САМСОН: О, господи… Господи! Тюремщик!
Входит ТЮРЕМЩИК. САМСОН поворачивает голову в сторону ведра. ТЮРЕМЩИК следит за его взглядом, тянет носом, молча идет в угол, злобно смотрит на САМСОНА, но молча забирает ведро и выходит.
САМСОН: Сами дерьмом кормите!
ТЮРЕМЩИК заглядывает в дверное окошко.
САМСОН: Все в порядке!
ТЮРЕМЩИК закрывает окно.
САМСОН: Никаких. Никаких шансов.
Садится к жерновам, начинает их крутить, как антистресс.
САМСОН: Если бы я встретил ее завтра, если бы она сказала мне, что ждет, что любит, если бы я… если бы… Слишком много если бы… И поздно. Все поздно!
Вскакивает, подходит к лежаку, берет вино в кувшине. Пьет. Берет пирог, макает в похлебку, откусывает. Ставит миску на пол рядом с лежаком. Ложится.

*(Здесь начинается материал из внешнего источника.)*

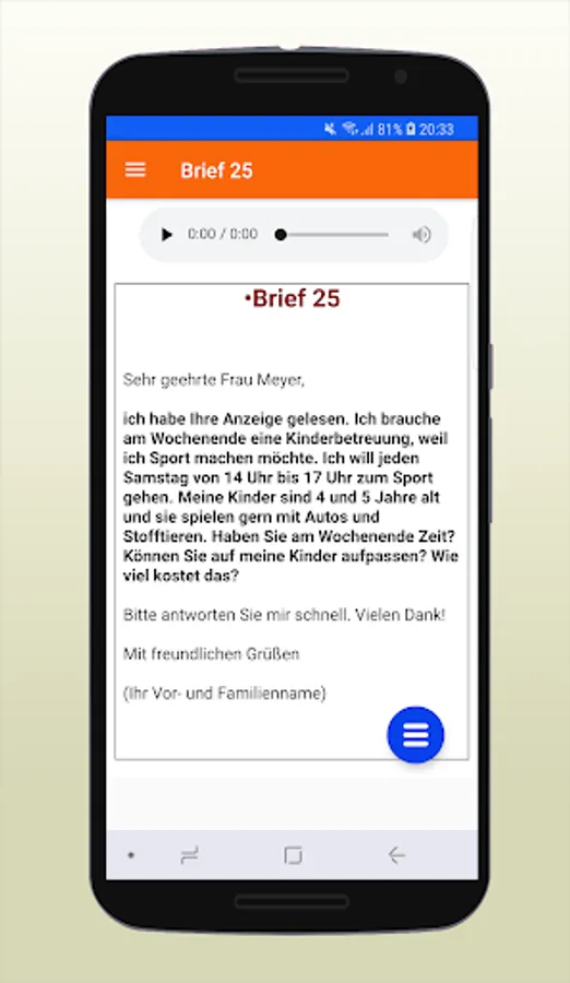 The right exam for you, if you already have basic knowledge of German. You use the right app for letter or e-mail writing to level A1 A2 B1 B2

САМСОН: Да. Вот и все. Вот и все. Может так и лучше. Всем лучше. Освобождение. Ей освобождение. И мне. Как там говорят? Если бы богу было угодно, он бы дал нам шанс. Значит неугодно. А ведь я двадцать лет служил ему судьей. А ему неугодно, да? А тебе неугодно?! Ха! (снова садится, пьет). «Самсон, Самсон! Защити нас от филистимлян». И я защищал… Я не защищал? Защищал. Разве это я сам, по своей воле? По своей, может, я бы рыбу ловил! А нет. Привели меня – «защищай»! И, помню, стою перед ними, безоружный защитник, думаю, конец мне пришел, убьют! Тут что-то нашло на меня, и руки мои, прямо от кончиков пальцев, по ладоням, кругами так обволакивать стало и как будто они без огня горят, потом к локтям пошло… (завязанными глазами смотрит на руки, руками показывает – вспоминает). Кстати, со львом также было, но не важно… И вот я стою, а оружия-то нет. И их – тысяча человек против нас, против меня, значит. Не меньше! Тут – раз! В руках челюсть эта ослиная! Где взял? Откуда она подвернулась? Не ты мне разве? Посмеяться хотел? Да, смешно. Испытать? У них мечи, щиты, копья, стрелы, зато у меня – на-ко, челюсть осла! Свежая, крепкозубая! Думал, не справлюсь? Да хрен! А я челюстью твоей, пардон, ослиной – тысячу человек тогда… Тысячу человек! Тысячу человек! А без челюсти как? Смог бы без челюсти? Не знаю. (Пьет вино). А догадался бы я сам челюстью биться? Не! Точно нет! Не мое это. Не я все. Я же не клоун – народ смешить. Это ты! Нет, ты не клоун, подожди. Нет, я не то хотел. Ты придумал и руками моими водил. Руко-водил. И судья ты. Через меня, но ты. Хотя нет. Судьей может и народ выбрал меня, за то, что защищал… А может ТЫ. Как теперь понять? И двадцать лет судьей. Но я был хорошим судьей. Неужели не заслужил? Молчишь? Ну, молчи (укладывается). Ну, молчи. Никаких шансов. Неужели жизни не заслужил я?! Ни жизни, ни шанса, ни любви. Ни любви.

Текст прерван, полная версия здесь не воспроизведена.